I’m trying to understand what’s the reason behind allocations staying for 1-2 minutes in the
Client Status = pending state. The allocations are for dispatched jobs, they use the
This is sample client TRACE log:
022-07-18T06:34:47.232Z [TRACE] client.cpuset.v2: add allocation: name=pm-job-1/dispatch-1658126074-a8a797ce.main id=8aa0ddd3-114e-6556-4725-0c428da894ea
2022-07-18T06:36:52.203Z [DEBUG] client.alloc_runner.task_runner: lifecycle start condition has been met, proceeding: alloc_id=8aa0ddd3-114e-6556-4725-0c428da894ea task=main
So more than 2 minutes elapsed between
add allocation and
lifecycle start condition has been met. How can I check what Nomad was waiting for in that period?

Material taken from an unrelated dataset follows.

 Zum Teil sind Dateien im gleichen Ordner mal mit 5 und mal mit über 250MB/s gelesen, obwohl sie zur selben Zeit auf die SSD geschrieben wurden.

The client is oversubscribed with CPU and runs about 250 allocs, but my understanding is that once the allocation is created, the resources are assigned and there are no further checks of real CPU usage etc.?
Disk I/O is not exhausted, the Docker containers start fast using
docker command (also Nomad logs indicate that once
start condition has been met, a container is created quickly),
nomad process CPU usage is about 60% of a VCPU.

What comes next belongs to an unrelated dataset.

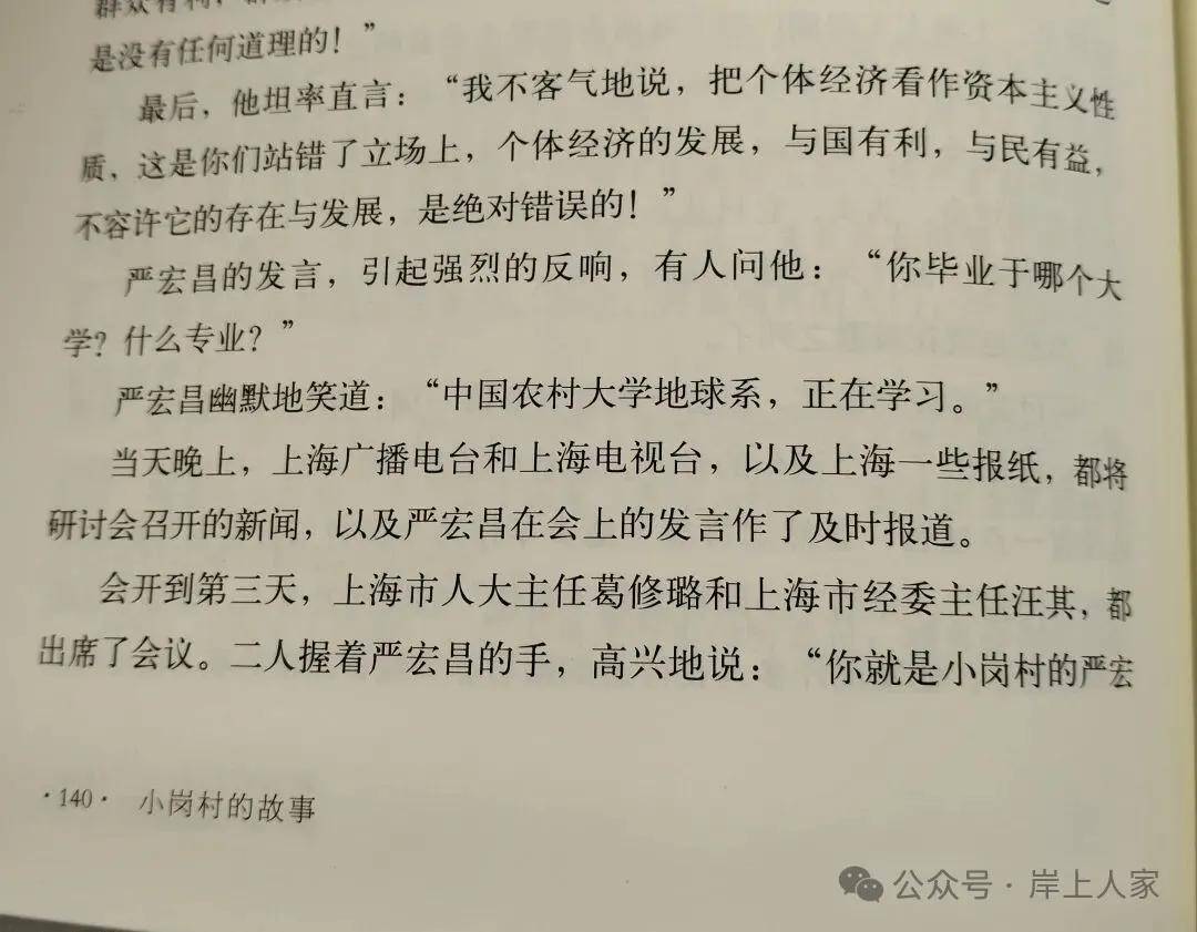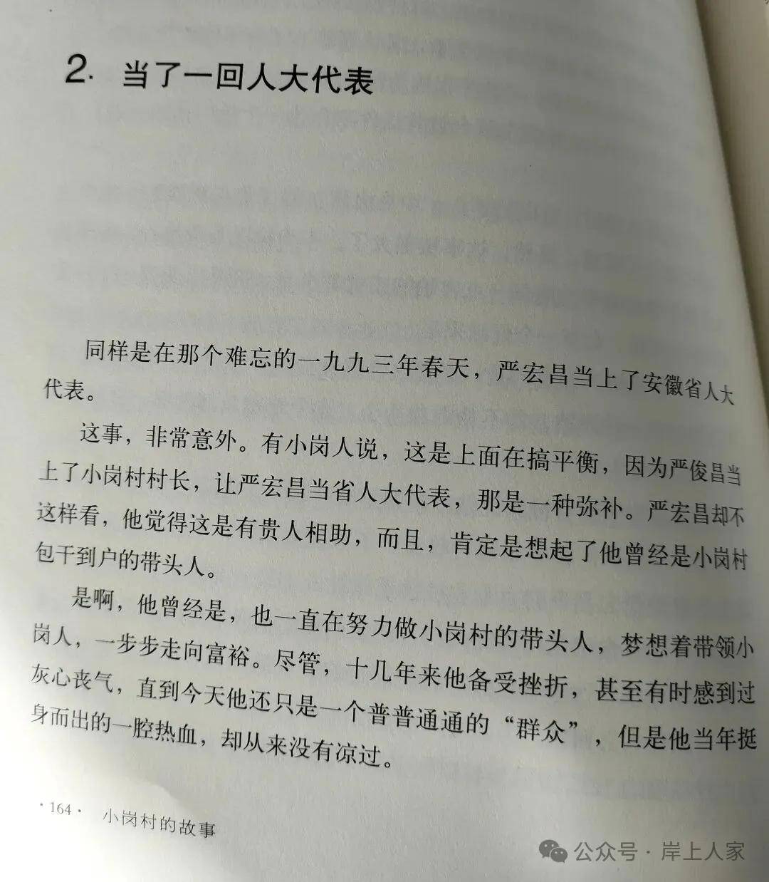 1993年春天,小岗村大包干带头人严宏昌当上了安徽省人大代表。从一名普通群众,成为了省人大代表,身份实现了跃升。 严宏昌从小就是能人,1978年以前,就出去单干,承包到蚌埠铁路局、凤阳县法院的工程项目,发了家。

My guess is this was caused by overloading
cgroups manager on the kernel side. I captured
nomad client profile and almost all time was spent on writing to
cgroups files during allocs cleanups. And it looks like generally the throughput of
cgroups operations the Linux kernel is able to sustain is rather low (from a few to tens of operations per second).
My fix was reducing the overallocation of CPU (to reduce the number of allocs running) and adding
cgroup.memory=nokmem,nosocket to the kernel parameters to make cgroups operations faster. So far it looks to be working well after about 24h, the start times are 1-2 seconds.

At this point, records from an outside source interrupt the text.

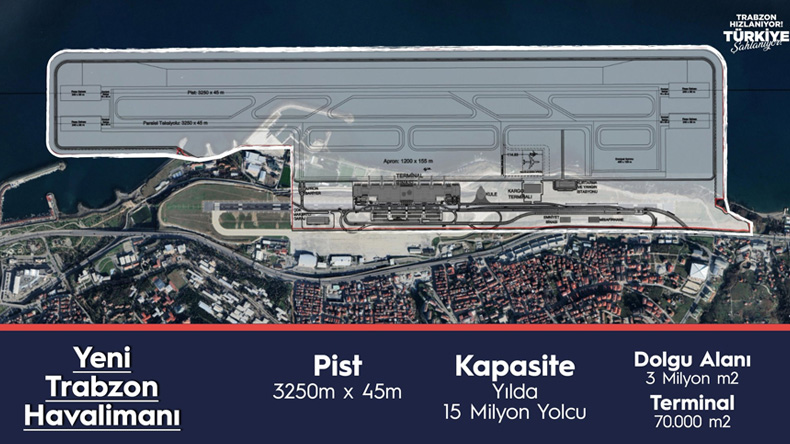Yeni Trabzon Havalimanı, yılda 15 milyon yolcu kapasitesine sahip olacak şekilde planlandı. Pist uzunluğu 3.250 metre, genişliği 45 metre olarak tasarlandı ve tamamı deniz dolgusu üzerine inşa edilecek. Projede yer alacak yeni terminal binasının ise yaklaşık 70 bin metrekarelik bir alana sahip olması hedefleniyor. Bu özellikleriyle Trabzon Havalimanı, Türkiye’nin deniz üzerine yapılacak üçüncü havalimanı olacak.
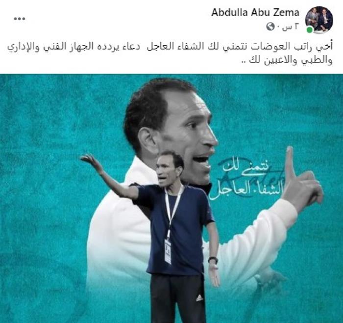 وقال أبو زمع في المنسور" اخي راتب العوضات نتمني لك الشفاء العاجل دعاء يردده الجهاز الفني والإداري والطبي والاعبين لك ".
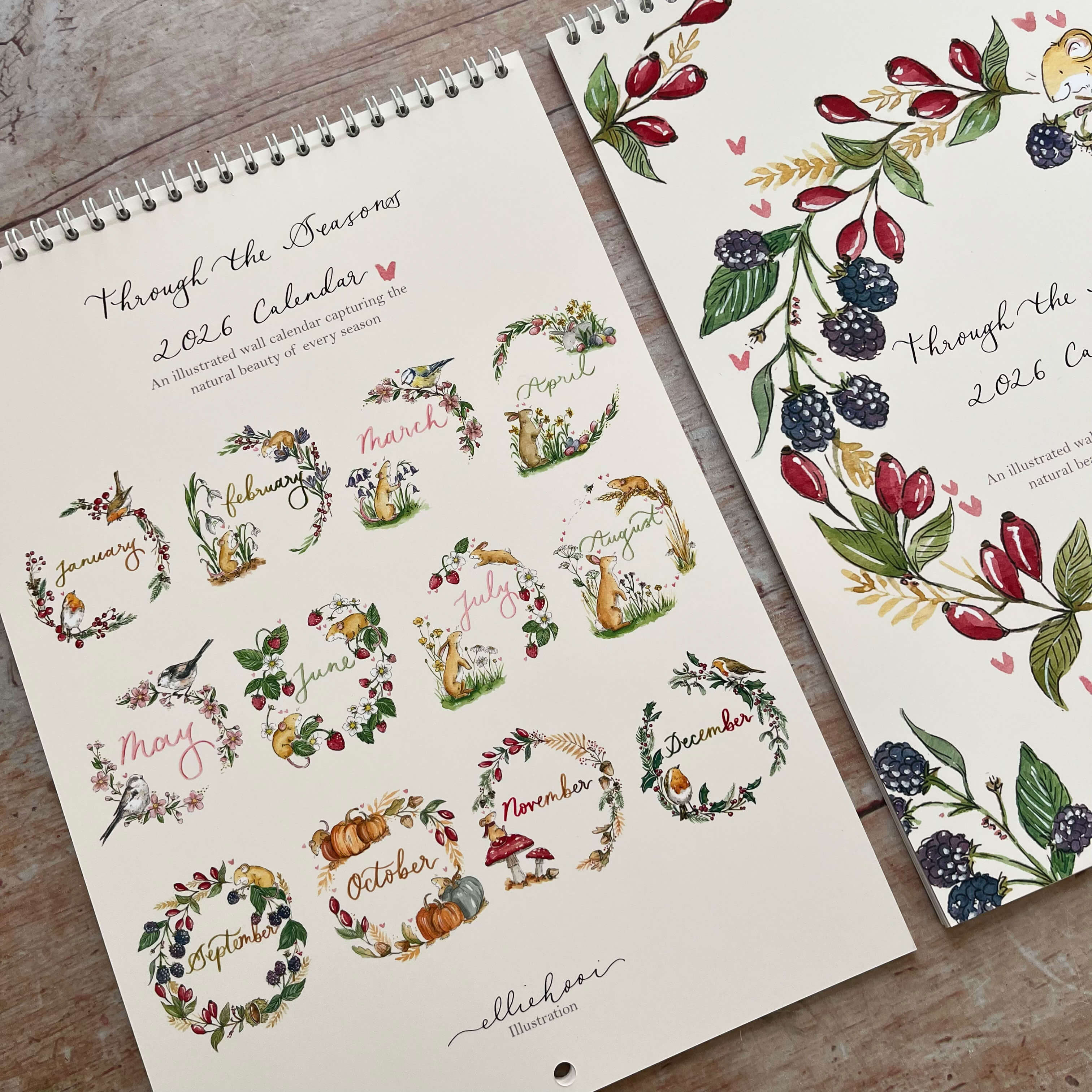 Wander through the gentle charm of the British countryside, month by month, with this beautifully hand-illustrated calendar by Ellie Hooi Illustration. Each page captures the quiet magic of the changing seasons - from snow-kissed fields and spring blooms to golden harvests and winter’s calm. A celebration of nature’s shifting moods and the simple joys each month brings, Through the Seasons invites you to pause, notice, and delight in the little things that make every moment special.
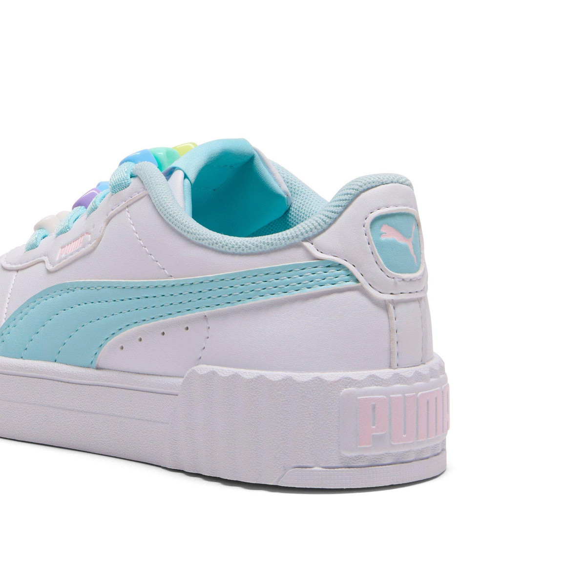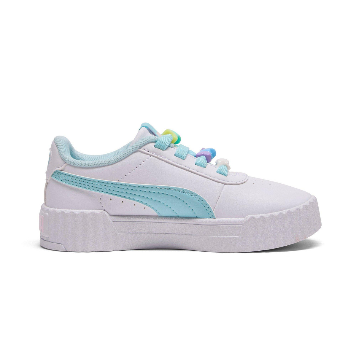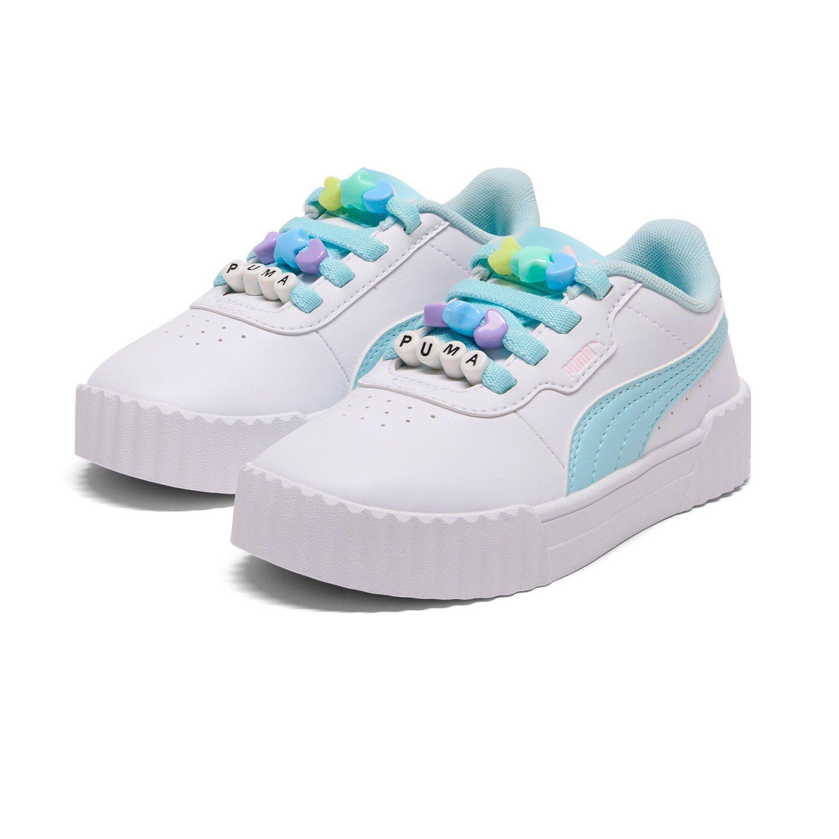 Celebrate the summer with the new Carina 3.0 Friendship Bracelet Athletic Shoe from PUMA! The Carina 3.0 Friendship Bracelet Sneaker showcases a retro silhouette made with smooth faux leather uppers, breathable mesh lining, elastic laces with cute charm details, and chunky rubber outsoles for traction. Features elasticized lace closure with friendship bracelet charms and smooth synthetic leather upper with breathable mesh lining.
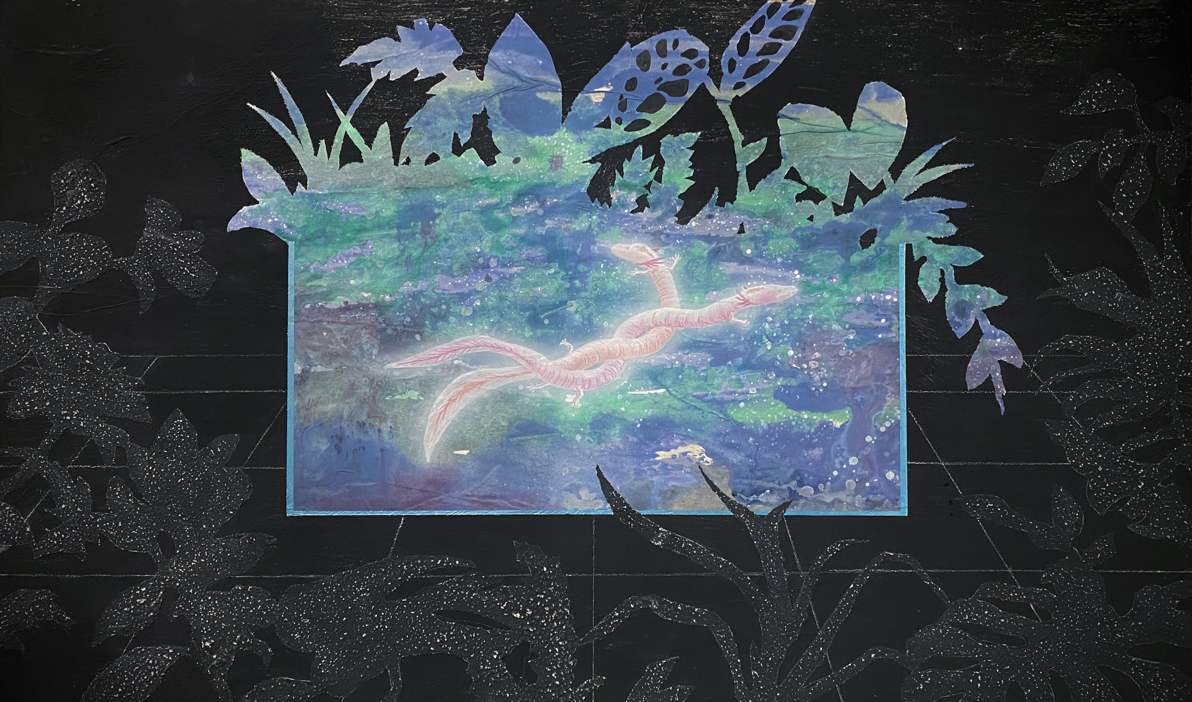 在創作過程中,黃彥勳大膽嘗試不同材質、手法及題材所碰撞出的多重可能性。在〈凝視〉、〈墜〉等作品中,能看到多個畫格拼貼,將時間、記憶切割成片段,每個片段呈現不同的視角或情緒。這種碎片化手法是黃彥勳對於畫面敘事一種非線性敘事的構圖嘗試,不同場景視角讓畫面有節奏感,也打破傳統的單一透視。這種構圖既提供視覺動態,也讓觀者在觀看時產生探索感,彷彿在解讀一段逐漸拼湊的故事。

The container creation was still getting slower after 24h+ of uptime and after about 48h it resulted in
dockerd hanging and unable to launch any new container. This is GH issue: Dockerd slows down and finally hangs · Issue #43870 · moby/moby · GitHub. So what worked for me was downgrading from Ubuntu 22.04 + kernel 5.15-aws + cgroups_v2 to Ubuntu 20.04 + kernel 5.4-aws + cgroups_v1.
I also noticed that
nomad process uses far less CPU on this downgraded setup, previously it hovered around 60-120% of a VCPU and now it’s 15-40%.
Wow interesting, thanks for investigating and sticking with this, @aartur.
Are any of your Tasks making use of
resources.cores? On the Nomad side the way the
cpuset subsystem is managed did change significantly to support cgroups V2 - but I’m unsure if there would be noticeable impact without setting that option.